It is Gasparilla Day in Tampa. This is an annual civic ritual where otherwise respectable lawyers, doctors, judges, and business leaders, and I dress like pirates, shout “Arrr” without embarrassment, and briefly suspend the rule of law somewhere between Bayshore Boulevard and the last cannon blast. Tampa Bay will once again be “invaded,” the city will fall, and beads will be plundered with enthusiasm that would make a Lloyd’s underwriter nervous.

I have written about Gasparilla more than once over the years, partly because it is fun, and partly because piracy has an uncanny way of intersecting with insurance law. I have previously asked whether there is coverage for pirates in “Is There Coverage For Pirates? Chip Merlin and His Friends Plunder Tampa on Gasparilla Day.” I have analyzed whether invasions are covered by insurance in “Pirates Invade Tampa! Is an Invasion Covered Under a Commercial Insurance Policy.” I even wandered into the dangerous waters of theft coverage under yacht policies in “Is Theft Covered in a Yacht Policy.”

Once you start mixing pirates and insurance, it is hard to stop. This year, however, the joke has a sharper edge.

While Tampa’s pirates will be friendly, well-fed, and sponsored by corporate donors, real-world piracy has stubbornly refused to go away. Recent reports confirm that piracy is not a relic of the 1700s or something reserved for costume parades. It remains very much alive in parts of the world where ships, cargo, and crews are still vulnerable to theft, hijacking, and violence. The headlines remind us that piracy merely went on a diet for a few years and is now back at the buffet.

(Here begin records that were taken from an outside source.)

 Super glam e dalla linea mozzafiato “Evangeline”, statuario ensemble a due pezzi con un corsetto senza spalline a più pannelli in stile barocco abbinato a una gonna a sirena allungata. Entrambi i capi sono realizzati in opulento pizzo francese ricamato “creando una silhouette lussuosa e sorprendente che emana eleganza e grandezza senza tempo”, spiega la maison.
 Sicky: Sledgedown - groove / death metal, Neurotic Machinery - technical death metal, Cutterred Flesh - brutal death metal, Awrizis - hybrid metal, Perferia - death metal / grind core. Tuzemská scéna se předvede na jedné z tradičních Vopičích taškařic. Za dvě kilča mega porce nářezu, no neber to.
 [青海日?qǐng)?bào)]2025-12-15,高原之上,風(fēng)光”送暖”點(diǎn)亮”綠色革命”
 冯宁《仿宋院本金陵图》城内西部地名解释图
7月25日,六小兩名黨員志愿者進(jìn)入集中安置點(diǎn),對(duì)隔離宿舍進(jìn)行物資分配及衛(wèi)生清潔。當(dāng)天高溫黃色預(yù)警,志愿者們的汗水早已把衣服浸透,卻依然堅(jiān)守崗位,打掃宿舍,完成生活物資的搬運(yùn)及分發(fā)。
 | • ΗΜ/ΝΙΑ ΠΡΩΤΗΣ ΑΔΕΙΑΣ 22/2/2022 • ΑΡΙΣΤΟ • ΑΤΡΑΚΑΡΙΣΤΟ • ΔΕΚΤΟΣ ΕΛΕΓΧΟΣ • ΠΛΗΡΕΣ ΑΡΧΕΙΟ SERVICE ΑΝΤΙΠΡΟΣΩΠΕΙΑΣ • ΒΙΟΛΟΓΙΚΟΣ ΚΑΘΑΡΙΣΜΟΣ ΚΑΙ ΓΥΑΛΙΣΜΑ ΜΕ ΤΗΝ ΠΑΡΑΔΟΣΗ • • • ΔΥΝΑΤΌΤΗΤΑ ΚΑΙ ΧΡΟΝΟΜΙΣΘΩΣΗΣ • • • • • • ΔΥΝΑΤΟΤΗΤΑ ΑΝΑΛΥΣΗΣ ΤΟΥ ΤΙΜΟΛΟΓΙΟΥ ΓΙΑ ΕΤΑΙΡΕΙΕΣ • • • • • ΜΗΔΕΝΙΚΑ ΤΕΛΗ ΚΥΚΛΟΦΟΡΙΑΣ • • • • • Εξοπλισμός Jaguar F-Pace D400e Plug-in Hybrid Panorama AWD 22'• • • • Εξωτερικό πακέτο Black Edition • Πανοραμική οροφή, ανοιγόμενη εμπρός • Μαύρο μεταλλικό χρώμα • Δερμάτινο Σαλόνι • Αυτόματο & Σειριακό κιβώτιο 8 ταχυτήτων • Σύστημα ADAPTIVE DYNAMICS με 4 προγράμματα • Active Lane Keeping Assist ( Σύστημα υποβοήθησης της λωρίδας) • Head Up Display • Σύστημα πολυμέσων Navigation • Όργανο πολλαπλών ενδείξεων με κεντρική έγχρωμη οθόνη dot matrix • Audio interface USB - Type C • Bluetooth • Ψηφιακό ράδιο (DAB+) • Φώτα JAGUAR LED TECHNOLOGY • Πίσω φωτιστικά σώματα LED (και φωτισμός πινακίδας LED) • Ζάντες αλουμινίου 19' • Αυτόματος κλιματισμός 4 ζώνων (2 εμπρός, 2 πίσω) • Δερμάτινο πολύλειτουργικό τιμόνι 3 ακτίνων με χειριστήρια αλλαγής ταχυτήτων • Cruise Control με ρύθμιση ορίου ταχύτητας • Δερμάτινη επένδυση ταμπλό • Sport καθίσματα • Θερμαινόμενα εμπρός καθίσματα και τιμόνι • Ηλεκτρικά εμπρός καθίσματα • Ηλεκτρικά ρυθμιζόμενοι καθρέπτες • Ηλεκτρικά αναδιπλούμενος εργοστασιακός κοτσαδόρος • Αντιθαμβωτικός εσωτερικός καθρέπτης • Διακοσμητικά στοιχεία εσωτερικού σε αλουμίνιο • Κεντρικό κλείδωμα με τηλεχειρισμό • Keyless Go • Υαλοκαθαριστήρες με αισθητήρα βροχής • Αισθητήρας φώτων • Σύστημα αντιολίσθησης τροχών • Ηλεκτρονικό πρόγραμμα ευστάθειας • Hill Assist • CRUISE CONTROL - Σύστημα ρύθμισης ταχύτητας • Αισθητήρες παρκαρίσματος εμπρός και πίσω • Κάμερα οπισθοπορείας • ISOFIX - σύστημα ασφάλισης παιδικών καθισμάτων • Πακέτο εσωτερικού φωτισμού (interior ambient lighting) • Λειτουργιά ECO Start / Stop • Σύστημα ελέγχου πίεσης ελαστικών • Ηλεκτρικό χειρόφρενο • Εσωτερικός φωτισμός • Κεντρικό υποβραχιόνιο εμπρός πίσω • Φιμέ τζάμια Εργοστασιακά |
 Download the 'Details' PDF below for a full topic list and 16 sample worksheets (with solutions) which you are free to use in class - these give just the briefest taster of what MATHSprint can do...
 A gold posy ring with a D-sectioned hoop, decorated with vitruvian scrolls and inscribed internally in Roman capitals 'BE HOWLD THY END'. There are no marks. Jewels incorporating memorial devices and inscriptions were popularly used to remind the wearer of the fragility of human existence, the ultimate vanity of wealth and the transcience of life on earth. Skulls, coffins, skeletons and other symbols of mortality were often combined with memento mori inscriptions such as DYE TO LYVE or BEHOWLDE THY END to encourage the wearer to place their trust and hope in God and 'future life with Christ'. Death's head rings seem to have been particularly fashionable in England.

That contrast makes Gasparilla oddly educational. On Saturday, our pirates will fire cannons loaded with confetti instead of grapeshot. They will “seize” the city, then politely return it before dinner. Nobody will file a ransom demand. No cargo will be diverted to a shadow port. And yet, for those of us who think about risk for a living, it is a reminder that the concept of piracy has never really left insurance policies. The geography where piracy occurs has changed.

Marine insurance has always had a complicated relationship with pirates. Hull policies, cargo policies, P&I coverage, and war-risk endorsements all have their own vocabulary for theft at sea. The definitions matter. Whether an act is “piracy,” “armed robbery,” or something else entirely can determine whether coverage applies. That debate is a lot less funny when the pirates are armed, the crew is taken hostage, and the loss is measured in millions rather than beads.

Gasparilla pirates, of course, are an easier group to manage. We invade on schedule. We coordinate with law enforcement. We even have rules of conduct that disqualify us from being considered true pirates under most policies.

Still, Tampa’s annual invasion offers a useful metaphor. Every year, the city prepares. Roads close. Security is planned. Risks are anticipated and managed. That is exactly what insurers and policyholders are supposed to do with real risks—whether it is piracy in international waters, wildfire in the West, or hurricanes in Florida. The danger comes not from the threat itself, but from pretending it no longer exists.

One lesson from recent piracy reports is that complacency is expensive. When incidents decline, vigilance tends to follow. When vigilance drops, opportunists return. That cycle is familiar to anyone who practices insurance law. We see it with natural disasters, with claims handling standards, and with coverage disputes. The moment everyone assumes the problem is “over,” it has a way of reappearing and often with interest.

Outside of Tampa Bay, piracy never got the memo that it was supposed to disappear. It is still there, still evolving, and still testing the promises written into insurance policies. The fact that we can joke about pirates once a year is a privilege earned by preparation, law, and planning. These are what real-world piracy exploits when they are missing.

Thought For The Day

“Life’s pretty good, and why wouldn’t it be? I’m a pirate, after all.”